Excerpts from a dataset

----

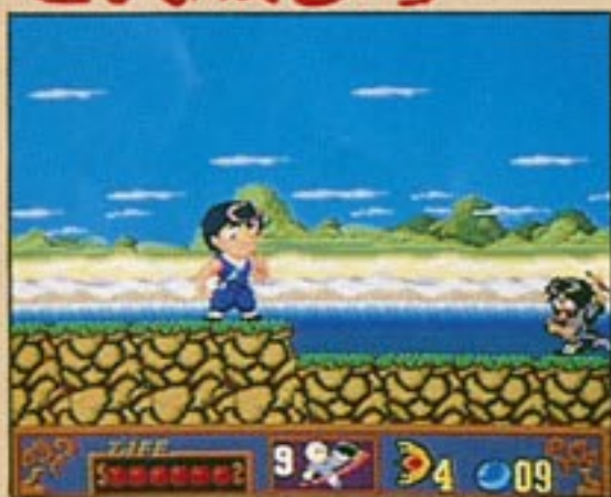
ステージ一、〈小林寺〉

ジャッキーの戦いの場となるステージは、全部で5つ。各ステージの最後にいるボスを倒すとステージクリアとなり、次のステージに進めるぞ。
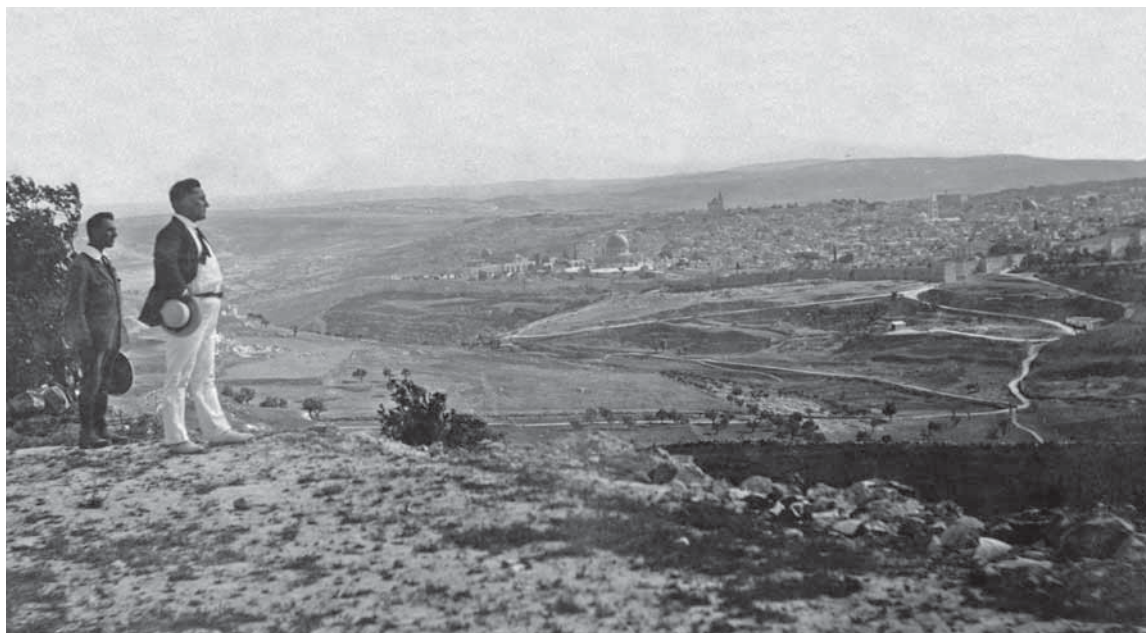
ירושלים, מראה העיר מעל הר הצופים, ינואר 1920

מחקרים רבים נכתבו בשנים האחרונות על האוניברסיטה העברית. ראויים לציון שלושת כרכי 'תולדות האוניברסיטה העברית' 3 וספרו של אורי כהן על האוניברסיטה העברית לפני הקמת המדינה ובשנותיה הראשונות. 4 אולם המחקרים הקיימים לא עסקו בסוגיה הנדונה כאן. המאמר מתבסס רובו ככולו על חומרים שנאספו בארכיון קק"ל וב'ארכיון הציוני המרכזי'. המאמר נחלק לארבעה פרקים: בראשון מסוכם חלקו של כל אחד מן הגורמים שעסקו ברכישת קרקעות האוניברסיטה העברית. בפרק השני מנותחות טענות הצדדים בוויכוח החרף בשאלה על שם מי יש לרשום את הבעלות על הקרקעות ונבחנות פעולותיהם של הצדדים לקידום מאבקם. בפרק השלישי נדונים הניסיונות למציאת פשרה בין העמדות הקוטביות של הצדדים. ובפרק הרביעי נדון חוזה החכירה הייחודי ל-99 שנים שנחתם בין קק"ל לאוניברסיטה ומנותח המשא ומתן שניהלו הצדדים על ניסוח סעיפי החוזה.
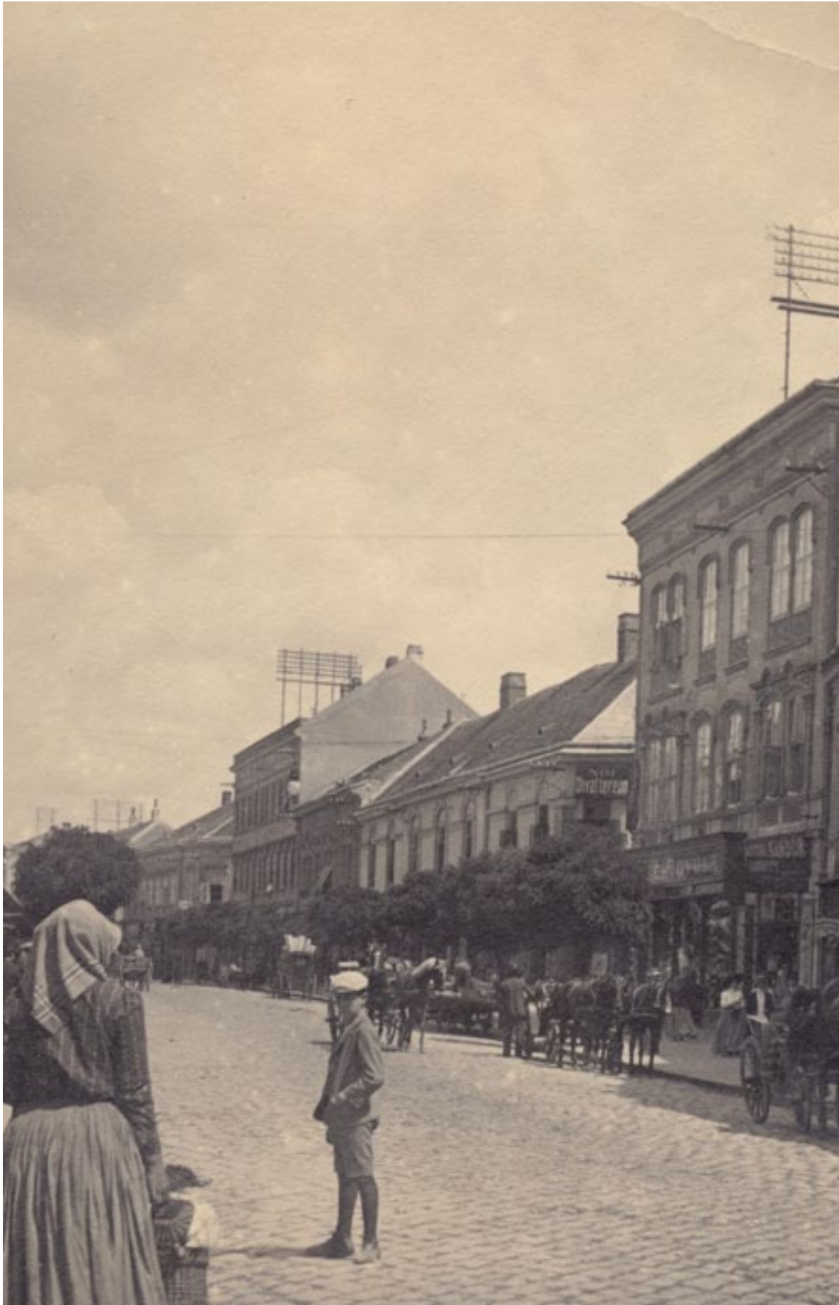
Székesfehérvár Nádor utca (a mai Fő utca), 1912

----

Task to carry out:
Reproduce all the data as it stands. The pictures are not part of the copy.

Result:
ステージ一、〈小林寺〉

ジャッキーの戦いの場となるステージは、全部で5つ。各ステージの最後にいるボスを倒すとステージクリアとなり、次のステージに進めるぞ。
ירושלים, מראה העיר מעל הר הצופים, ינואר 1920

מחקרים רבים נכתבו בשנים האחרונות על האוניברסיטה העברית. ראויים לציון שלושת כרכי 'תולדות האוניברסיטה העברית' 3 וספרו של אורי כהן על האוניברסיטה העברית לפני הקמת המדינה ובשנותיה הראשונות. 4 אולם המחקרים הקיימים לא עסקו בסוגיה הנדונה כאן. המאמר מתבסס רובו ככולו על חומרים שנאספו בארכיון קק"ל וב'ארכיון הציוני המרכזי'. המאמר נחלק לארבעה פרקים: בראשון מסוכם חלקו של כל אחד מן הגורמים שעסקו ברכישת קרקעות האוניברסיטה העברית. בפרק השני מנותחות טענות הצדדים בוויכוח החרף בשאלה על שם מי יש לרשום את הבעלות על הקרקעות ונבחנות פעולותיהם של הצדדים לקידום מאבקם. בפרק השלישי נדונים הניסיונות למציאת פשרה בין העמדות הקוטביות של הצדדים. ובפרק הרביעי נדון חוזה החכירה הייחודי ל-99 שנים שנחתם בין קק"ל לאוניברסיטה ומנותח המשא ומתן שניהלו הצדדים על ניסוח סעיפי החוזה.
Székesfehérvár Nádor utca (a mai Fő utca), 1912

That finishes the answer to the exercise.